В общем, ничего существенного. Может, потому, что полуденная жара прямо-таки давит и все живое попряталось в тень? Показалась девушка, с которой познакомил Жора.

– Настя! – окликнул. – Ты бы поесть что-нибудь вынесла.

– Невелик барин, сам найдешь.

– Где?

– Вон в кухне.

– А что там?

Настя молча пошла в пристроечку. Тима за ней, сел к столу. Девушка поставила перед ним миску с борщом. Да со злостью, чуть не разлила. Швырнула ложку и хлеб, и все без единого слова. Тимофей попробовал шуточку отпустить, она в ответ даже и не взглянула.

Поел, полез к себе на верхотуру, в жаркую, настоянную на сенных запахах духоту. Конечно, в такой зной хорошо бы где-нибудь в холодке полежать. Или в хате, на чистом половичке. И чтобы окна были занавешены от света и мух. Но только в хату его никто не приглашает…

Прилег. В желудке приятная, давным-давно забытая сытость. Хорошо!.. Опять ко сну клонить стало. И вдруг словно кольнуло – не спать же он сюда приехал!

Перевернулся Тимофей, лег на живот.

Осторожно раздвинул черепицу, в образовавшуюся щель стали видны крыльцо, часть двора, калитка на улицу.

«Отлично!» – подумал он.

На крыльце появилась Настя с целым ворохом пустой посуды.

«Ого! Тут, видать, не один и не два обедали!..»

Настя скрылась в летней кухне. Потом на крыльцо вышел невысокий плотный мужчина в сапогах, галифе и защитном френче. Рука на перевязи. Сначала Тимофей подумал – не хозяин ли. Но нет, не похоже. Выправка как у кадрового военного, хотя погон на френче и нет, но за версту чувствуется – офицер. Слегка обрюзгшее лицо чисто выбрито, тонкие усы стрелочкой, безукоризненный пробор. Нет, не хозяин. Крестьянин, пусть даже и очень зажиточный, так следить за усами и за пробором не станет.

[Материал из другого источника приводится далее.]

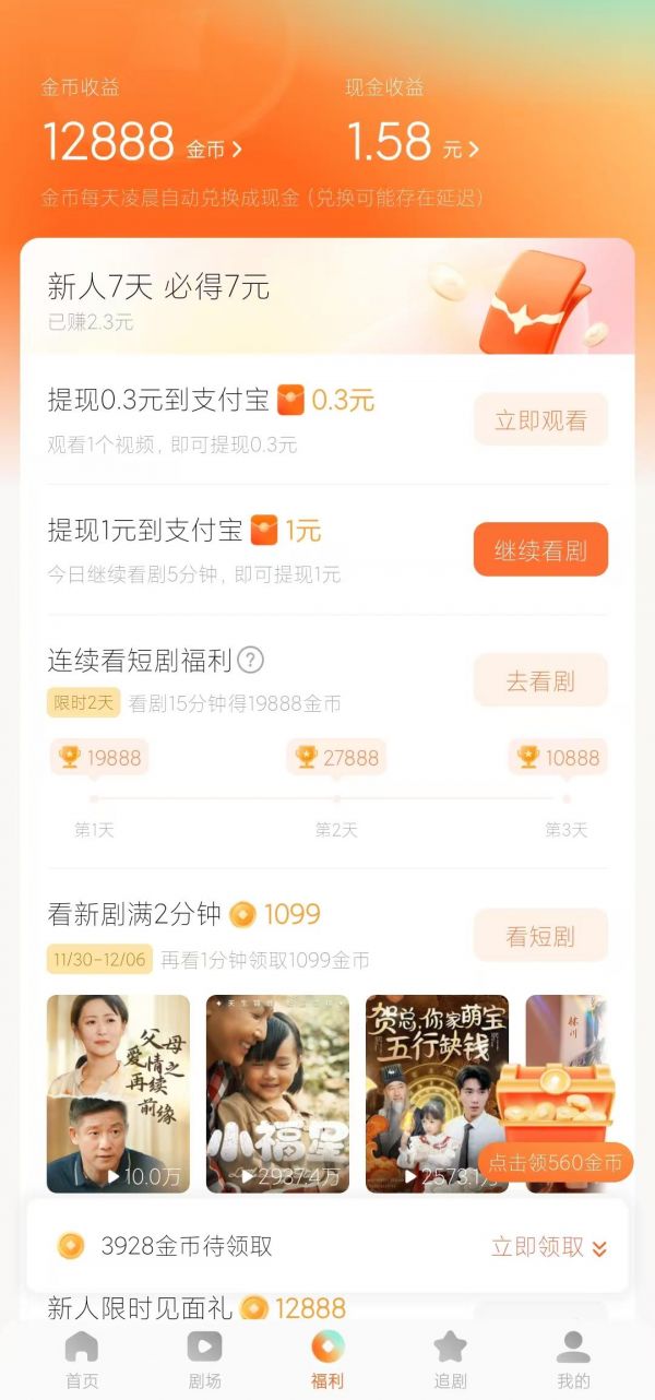 在这些设计基础上,红果还推出了“网赚模式”,宣传时强调“看短剧,领补贴”,在 App 内则用现金激励用户签到、持续追剧,比如“继续看剧 5 分钟,即可提现 1 元”“观看 1 个视频,即可体现 0.3 元”。
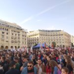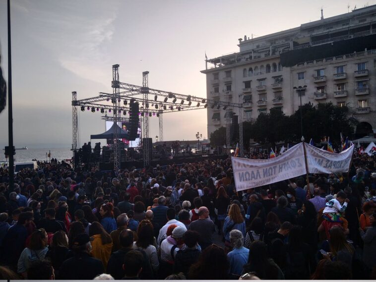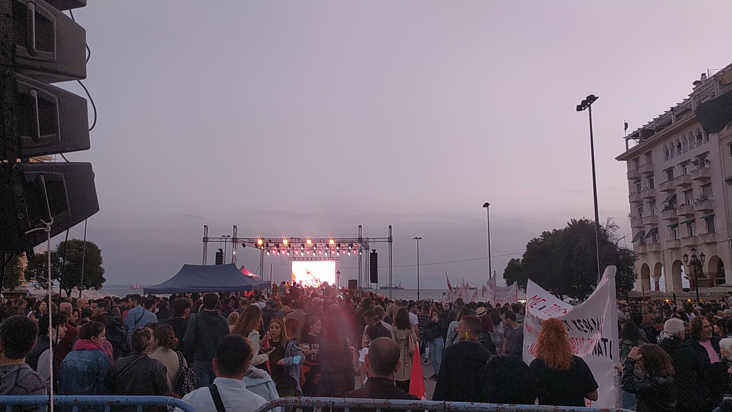 Χιλιάδες πολίτες έδωσαν το παρόν στην αντιπολεμική συναυλία που διοργάνωσε ο Σύλλογος Μουσικών Βορείου Ελλάδας και o Πανελλήνιος Μουσικός Σύλλογος με τη στήριξη του Κοινωνικού Ιατρείου Αλληλεγγύης και Εργατικών Σωματείων της Θεσσαλονίκης.

Второй из дома вышей. Остановился на крыльце. Сам высокий, статный. Сапоги блестят, мундир словно только что от портного. А вот и третий появился. Ну этот, кажется, за обедом или домашнего вина, или самогону лишку хватил – ноги у него в одну сторону загребают, а туловище в другую клонится. Обеими руками за косяк держится, чтобы не упасть.

Ага, вот и хозяин. Кряжистый седеющий человек, в обычном пиджаке и темной рубахе-косоворотке. Чем-то похож на того, у которого рука на перевязи.

Оба офицера направились в угол двора, хозяин скрылся в пристройке, куда недавно юркнула с посудой Настя, а тот, что под хмельком, сел на каменные плиты крыльца, опустил голову на ладони и негромко затянул что-то пьяное, несуразное.

«Нет, не зря, не зря я сюда приехал!» – удовлетворенно отметил Недоля. Однако сколько ни глядел, больше ничего интересного во дворе не увидел. Тогда прилег на сено, достал из котомки том Шеллера-Михайлова и на пятой странице заснул.

Глава VII
ПОЛОЖЕНИЕ ПРОЯСНЯЕТСЯ

– Вот, оказывается, ты куда забрался, – услышал Тимофей сквозь сон голос Жоры Мичигана. – О, да у тебя здесь настоящий наблюдательный пункт! Все как на ладони…

– Жарко уж очень, – зевая и протирая глаза, пожаловался Тимофей. – Прямо никакой возможности нету. А ведь верно, далеко отсюда видно, – простодушно, словно только впервые заметил это, сказал Недоля, повернув голову к слуховому окошку. – Ты хоть скажи, где мы находимся?

Жора Мичиган молчал, смотрел на своего приятеля и жевал сухую травинку. Потом спросил:

– Вот что, Тима, скажи мне только откровенно, ты вправду это насчет Чека-то рассказывал или присочинил?

– Вот чудак, конечно, правду! С какой бы стати я стал выдумывать?

– Да как-то странно, понимаешь, получилось… То ты вроде бы не торопился, разгуливал себе по базару, а как только я предложил… ну это самое… так сразу в госпиталь помчался… Казалось бы, уж коль совсем рвешь, какое тут прощание?..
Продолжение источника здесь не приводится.